That’s it, the node is back but with no service interruption.

At this point we can decide if make this node reader like the others, or wait and plan a proper time of the day when we can put it back as writer, while, in the meanwhile it has a bit of load to warm its bufferpool.

The other point – and important information – is what is ProxySQL is currently checking on Galera? From reading the code Proxy will trap the following:

  • read_only
  • wsrep_local_recv_queue
  • wsrep_desync
  • wsrep_reject_queries
  • wsrep_sst_donor_rejects_queries
  • primary_partition

Plus the standard sanity checks on the node.

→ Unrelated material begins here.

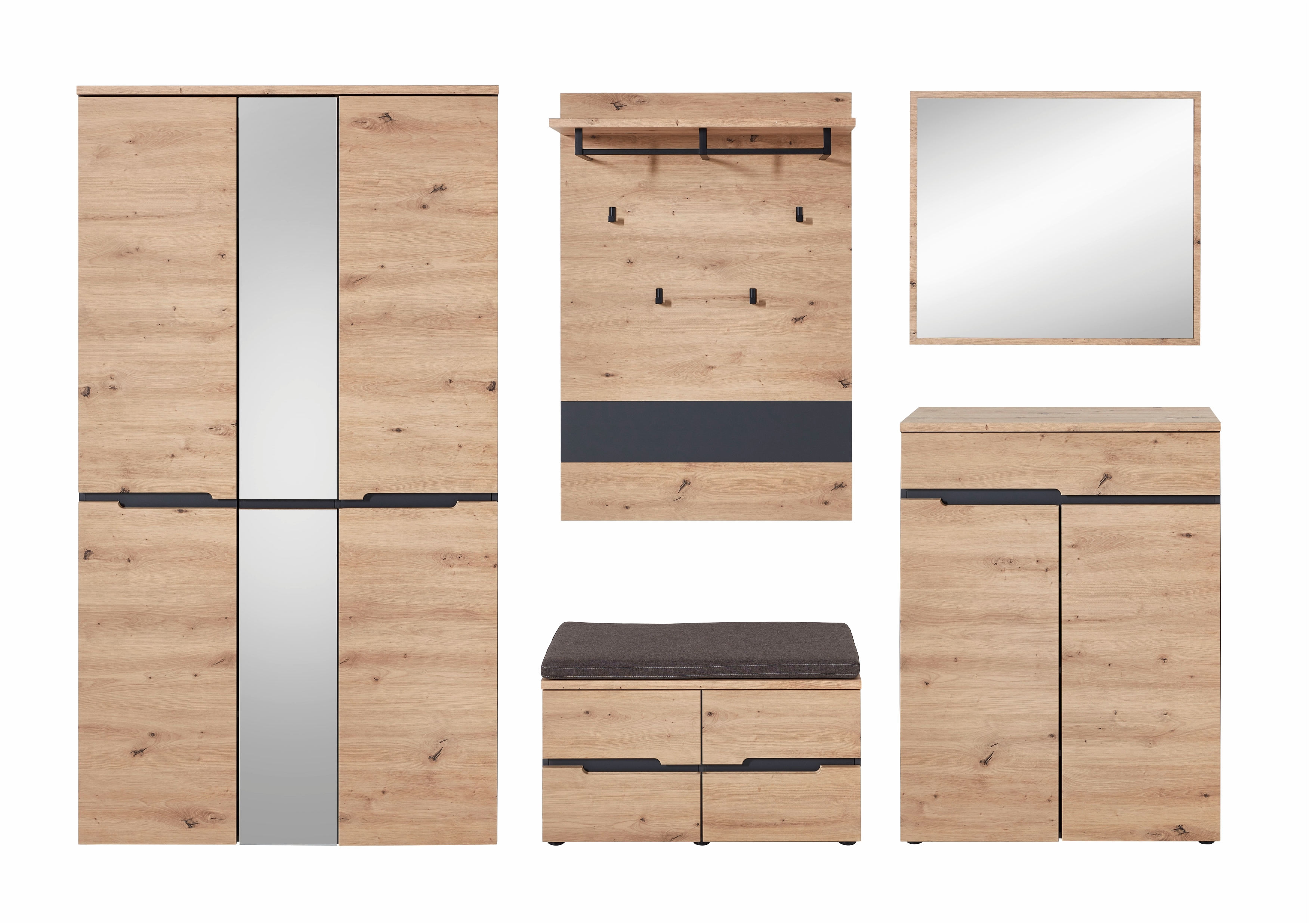 Façade : MDF décor chêne Artisan et contrastes ton graphite / miroir

Finally to monitor the whole situation we can use this:

mysql> select * from mysql_server_galera_log order by time_start_us desc limit 10;
+---------------+------+------------------+-----------------+-------------------+-----------+------------------------+-------------------+--------------+----------------------+---------------------------------+-------+
| hostname      | port | time_start_us    | success_time_us | primary_partition | read_only | wsrep_local_recv_queue | wsrep_local_state | wsrep_desync | wsrep_reject_queries | wsrep_sst_donor_rejects_queries | error |
+---------------+------+------------------+-----------------+-------------------+-----------+------------------------+-------------------+--------------+----------------------+---------------------------------+-------+
| 192.168.1.231 | 3306 | 1549982591661779 | 2884            | YES               | NO        | 0                      | 4                 | NO           | NO                   | NO                              | NULL  |
| 192.168.1.21  | 3306 | 1549982591659644 | 2778            | YES               | NO        | 0                      | 4                 | NO           | NO                   | NO                              | NULL  |
| 192.168.1.205 | 3306 | 1549982591658728 | 2794            | YES               | NO        | 0                      | 4                 | NO           | YES                  | NO                              | NULL  |
| 192.168.1.231 | 3306 | 1549982586669233 | 2827            | YES               | NO        | 0                      | 4                 | NO           | NO                   | NO                              | NULL  |
| 192.168.1.21  | 3306 | 1549982586663458 | 5100            | YES               | NO        | 0                      | 4                 | NO           | NO                   | NO                              | NULL  |
| 192.168.1.205 | 3306 | 1549982586658973 | 4132            | YES               | NO        | 0                      | 4                 | NO           | YES                  | NO                              | NULL  |
| 192.168.1.231 | 3306 | 1549982581665317 | 3084            | YES               | NO        | 0                      | 4                 | NO           | NO                   | NO                              | NULL  |
| 192.168.1.21  | 3306 | 1549982581661261 | 3129            | YES               | NO        | 0                      | 4                 | NO           | NO                   | NO                              | NULL  |
| 192.168.1.205 | 3306 | 1549982581658242 | 2786            | YES               | NO        | 0                      | 4                 | NO           | NO                   | NO                              | NULL  |
| 192.168.1.231 | 3306 | 1549982576661349 | 2982            | YES               | NO        | 0                      | 4                 | NO           | NO                   | NO                              | NULL  |
+---------------+------+------------------+-----------------+-------------------+-----------+------------------------+-------------------+--------------+----------------------+---------------------------------+-------+

As you can see above the log table keeps track of what is changed. In this case, it reports that node 1 has wsrep_reject_queries activated, and it will continue to log this until we set wsrep_reject_queries=none.

Conclusions

ProxySQL galera native integration is a useful feature to manage any Galera implementation, no matter whether it’s Percona PXC, MariaDB cluster or MySQL/Galera.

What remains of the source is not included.